Aren’t we all? Stumbling around in the dark on all fours, searching for some light. A single beam of hope would get us to the next day. The ground is hard, and we seek to rise. But for so many a crawl is all we can muster. The darkness is thick. We’re all the girl on the ground in the dark, waiting for Jesus to appear.

Maybe this year has been a difficult one for you, and you’re having a hard time getting into the Christmas spirit. The loss, grief, pain, and tension in your life are so great, it’s difficult to stare at your nativity set and imagine such peace exists. The twinkling candle is too weak a prescription for the difficulties you are facing.

Can I suggest that maybe what you’re feeling is closer to the original Christmas spirit than the mass-manufactured kind we peddle these days?

The arrival of God among us did not occur in a way that resembles an expertly carved Willow Tree nativity set. Sheep bleated and cows mooed and Mary yelled in agony and she bled all over the place and Joseph worried. The shepherds wondered in disbelief. The little town of Bethlehem was turned upside down. The whole world was turned upside down. And it didn’t happen with a tidy bow wrapped around the whole thing. 

It was punctuated with conflict and hardship and discomfort and everyone simply holding on for dear life.

Our picturesque depictions do not only fall short of accuracy — they are nowhere close to reality.
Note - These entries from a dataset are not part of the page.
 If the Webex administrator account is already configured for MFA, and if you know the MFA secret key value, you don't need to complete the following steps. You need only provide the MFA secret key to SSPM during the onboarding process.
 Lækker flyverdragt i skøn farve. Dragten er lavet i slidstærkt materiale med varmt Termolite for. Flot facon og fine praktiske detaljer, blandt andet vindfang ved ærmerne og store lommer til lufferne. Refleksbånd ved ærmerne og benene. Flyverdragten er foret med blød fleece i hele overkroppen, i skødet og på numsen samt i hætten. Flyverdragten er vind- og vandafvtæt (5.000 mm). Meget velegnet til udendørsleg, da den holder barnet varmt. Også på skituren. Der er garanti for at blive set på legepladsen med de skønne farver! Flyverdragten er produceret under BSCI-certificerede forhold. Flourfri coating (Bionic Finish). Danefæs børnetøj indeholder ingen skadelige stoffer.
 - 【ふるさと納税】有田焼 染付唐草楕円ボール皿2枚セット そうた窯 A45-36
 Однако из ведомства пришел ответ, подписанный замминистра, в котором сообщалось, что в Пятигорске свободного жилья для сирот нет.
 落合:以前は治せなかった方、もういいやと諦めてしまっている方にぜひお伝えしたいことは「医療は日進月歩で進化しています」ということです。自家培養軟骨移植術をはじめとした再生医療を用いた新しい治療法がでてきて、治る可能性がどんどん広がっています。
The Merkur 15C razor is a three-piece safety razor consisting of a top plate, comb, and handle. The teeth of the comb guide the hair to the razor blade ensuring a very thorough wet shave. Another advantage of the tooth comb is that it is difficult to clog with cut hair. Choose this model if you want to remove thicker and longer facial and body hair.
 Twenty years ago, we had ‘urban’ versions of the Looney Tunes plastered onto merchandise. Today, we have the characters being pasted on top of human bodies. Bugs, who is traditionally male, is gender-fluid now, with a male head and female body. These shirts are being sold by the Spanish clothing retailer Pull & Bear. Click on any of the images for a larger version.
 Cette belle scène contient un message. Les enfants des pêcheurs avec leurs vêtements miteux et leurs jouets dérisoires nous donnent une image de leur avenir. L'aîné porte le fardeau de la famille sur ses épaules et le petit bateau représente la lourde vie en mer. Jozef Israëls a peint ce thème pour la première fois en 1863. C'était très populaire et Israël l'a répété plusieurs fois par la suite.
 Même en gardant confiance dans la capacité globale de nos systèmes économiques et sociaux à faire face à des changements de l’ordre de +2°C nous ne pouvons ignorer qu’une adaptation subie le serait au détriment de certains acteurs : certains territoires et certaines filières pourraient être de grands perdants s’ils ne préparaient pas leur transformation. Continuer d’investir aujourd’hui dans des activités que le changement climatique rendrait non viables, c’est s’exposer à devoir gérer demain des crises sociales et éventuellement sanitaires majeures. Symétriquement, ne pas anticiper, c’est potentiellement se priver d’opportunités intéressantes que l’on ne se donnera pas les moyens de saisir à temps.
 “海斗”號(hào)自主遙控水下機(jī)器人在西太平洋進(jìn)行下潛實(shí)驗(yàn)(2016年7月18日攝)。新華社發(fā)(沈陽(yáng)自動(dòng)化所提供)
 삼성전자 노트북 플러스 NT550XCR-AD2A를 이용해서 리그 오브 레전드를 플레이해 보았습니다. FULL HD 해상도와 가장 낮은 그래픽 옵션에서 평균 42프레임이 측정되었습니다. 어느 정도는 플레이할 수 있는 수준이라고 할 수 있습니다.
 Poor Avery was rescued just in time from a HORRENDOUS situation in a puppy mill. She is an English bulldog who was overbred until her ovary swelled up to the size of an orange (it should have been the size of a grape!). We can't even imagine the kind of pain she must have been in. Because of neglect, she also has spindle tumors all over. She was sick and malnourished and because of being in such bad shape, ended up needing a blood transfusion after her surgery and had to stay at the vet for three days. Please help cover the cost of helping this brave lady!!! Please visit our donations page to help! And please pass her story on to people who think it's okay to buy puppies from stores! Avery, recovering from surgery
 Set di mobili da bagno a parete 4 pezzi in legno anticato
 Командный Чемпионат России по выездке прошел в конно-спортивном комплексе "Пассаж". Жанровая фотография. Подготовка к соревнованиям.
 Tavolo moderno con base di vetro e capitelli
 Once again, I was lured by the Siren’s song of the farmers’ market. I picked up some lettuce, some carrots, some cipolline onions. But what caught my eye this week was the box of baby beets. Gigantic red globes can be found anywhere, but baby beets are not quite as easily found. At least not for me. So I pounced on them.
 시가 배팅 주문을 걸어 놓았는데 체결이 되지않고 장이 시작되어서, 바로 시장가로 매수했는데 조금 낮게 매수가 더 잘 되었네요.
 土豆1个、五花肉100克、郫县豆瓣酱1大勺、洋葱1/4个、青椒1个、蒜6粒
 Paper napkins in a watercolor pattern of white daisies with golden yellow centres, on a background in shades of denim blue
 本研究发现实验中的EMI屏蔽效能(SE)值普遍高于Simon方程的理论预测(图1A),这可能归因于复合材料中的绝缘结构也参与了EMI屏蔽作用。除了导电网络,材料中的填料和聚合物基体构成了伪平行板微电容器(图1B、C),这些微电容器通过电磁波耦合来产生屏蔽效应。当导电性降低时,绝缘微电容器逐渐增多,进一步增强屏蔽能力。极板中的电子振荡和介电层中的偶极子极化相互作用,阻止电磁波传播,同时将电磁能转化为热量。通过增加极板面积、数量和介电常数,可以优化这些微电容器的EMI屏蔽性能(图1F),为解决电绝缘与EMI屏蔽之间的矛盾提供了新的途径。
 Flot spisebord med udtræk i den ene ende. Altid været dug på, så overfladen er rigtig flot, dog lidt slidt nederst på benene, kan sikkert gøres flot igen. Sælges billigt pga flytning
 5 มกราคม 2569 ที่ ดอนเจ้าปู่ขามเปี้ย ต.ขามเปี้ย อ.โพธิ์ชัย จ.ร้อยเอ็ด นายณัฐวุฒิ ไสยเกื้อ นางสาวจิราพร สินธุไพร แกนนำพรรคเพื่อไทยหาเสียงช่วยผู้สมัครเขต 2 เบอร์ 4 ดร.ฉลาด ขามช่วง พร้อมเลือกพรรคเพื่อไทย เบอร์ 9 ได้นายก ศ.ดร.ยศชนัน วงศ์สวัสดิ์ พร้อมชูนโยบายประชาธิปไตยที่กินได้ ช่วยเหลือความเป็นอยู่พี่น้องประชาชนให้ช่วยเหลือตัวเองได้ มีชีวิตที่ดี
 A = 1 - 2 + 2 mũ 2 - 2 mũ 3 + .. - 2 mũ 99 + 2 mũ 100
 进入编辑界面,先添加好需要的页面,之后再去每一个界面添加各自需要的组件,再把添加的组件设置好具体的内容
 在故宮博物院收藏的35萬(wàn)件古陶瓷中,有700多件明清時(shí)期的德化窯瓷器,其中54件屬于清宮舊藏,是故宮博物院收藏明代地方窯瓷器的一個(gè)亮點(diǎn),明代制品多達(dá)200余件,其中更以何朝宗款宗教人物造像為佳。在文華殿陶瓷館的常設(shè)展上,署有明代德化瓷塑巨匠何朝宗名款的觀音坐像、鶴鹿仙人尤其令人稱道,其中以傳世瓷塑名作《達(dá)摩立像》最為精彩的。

So if you are feeling gut-wrenching pain this year, take heart. When the carols and shopping and twinkling lights don’t slake your thirst for peace, there is a deeper truth to Christmas that you may find quenches the deep desires of your soul.

This Jesus, He is for us all.

Not just for the cleaned-up ones.

As carved and perfect as we may try and seem, none of us really have it together. We’re more like the actual nativity scene than we are our well-choreographed imitations. We’ve got blood and sweat and fear and worry and confusion in our lives.

And so did the first Christmas.

Jesus was not just a little chubby baby in the firelight. You don’t have to feel out of place, or unwelcome in picture-perfect scenes that you fear your screwed up life might spoil. Hard feelings can’t ruin the Christmas spirit, because hard feelings were baked in from the start.

There was no disinfectant at the first Christmas, so there’s no need to try and rub it all over your life as you approach Jesus.

We may all be the girl on the ground in the dark…but Jesus is right there with us.

He is not intimidated by the tension and uncertainty. It is under such conditions that he chose to make his home with us in the first place.